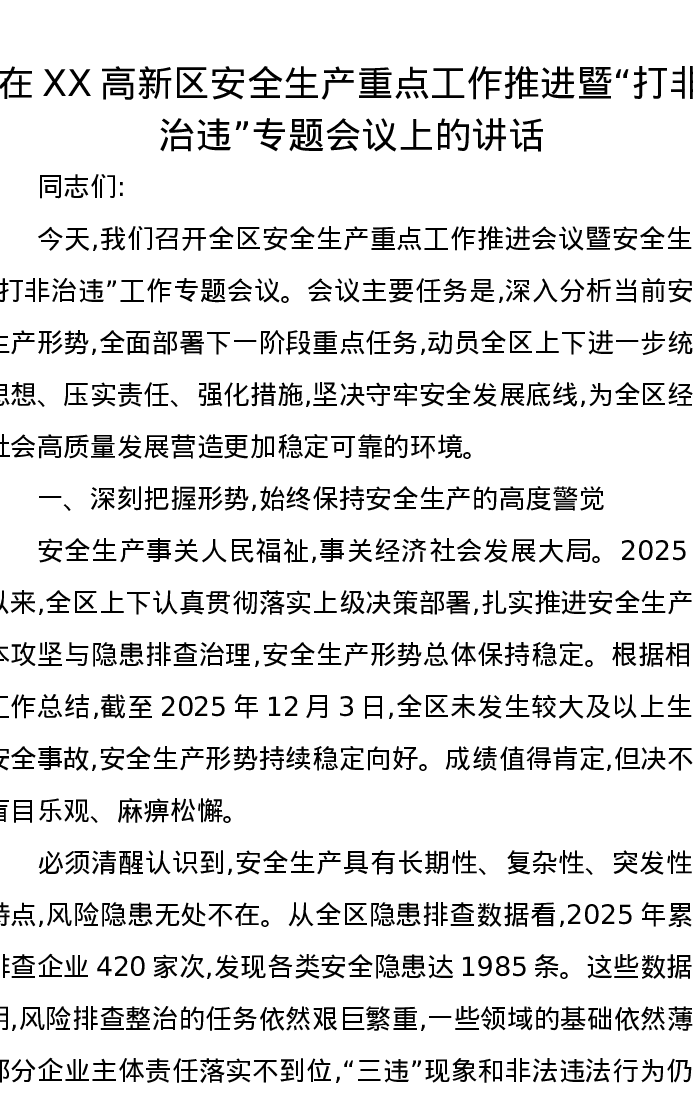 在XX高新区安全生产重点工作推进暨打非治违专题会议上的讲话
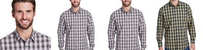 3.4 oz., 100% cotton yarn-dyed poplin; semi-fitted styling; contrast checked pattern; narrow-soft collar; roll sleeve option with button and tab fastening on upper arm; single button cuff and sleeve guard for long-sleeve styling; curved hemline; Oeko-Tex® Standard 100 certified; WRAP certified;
==
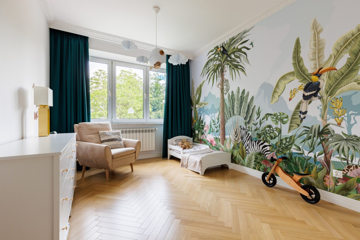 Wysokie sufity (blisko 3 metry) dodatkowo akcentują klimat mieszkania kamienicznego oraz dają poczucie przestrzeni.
---
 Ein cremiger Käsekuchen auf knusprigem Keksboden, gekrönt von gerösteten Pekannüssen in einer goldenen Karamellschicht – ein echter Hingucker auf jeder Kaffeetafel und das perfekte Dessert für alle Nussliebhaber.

_WHAT YOU HAVE TO DO_
Write out again exactly the lines above from the one with "在XX高新区安全生产重点工作推进暨打非治违专题会议上的讲话" through the one with "3.4 oz., 100%", adding no other lines and no pictures.

_RESULT_
 在XX高新区安全生产重点工作推进暨打非治违专题会议上的讲话
 3.4 oz., 100% cotton yarn-dyed poplin; semi-fitted styling; contrast checked pattern; narrow-soft collar; roll sleeve option with button and tab fastening on upper arm; single button cuff and sleeve guard for long-sleeve styling; curved hemline; Oeko-Tex® Standard 100 certified; WRAP certified;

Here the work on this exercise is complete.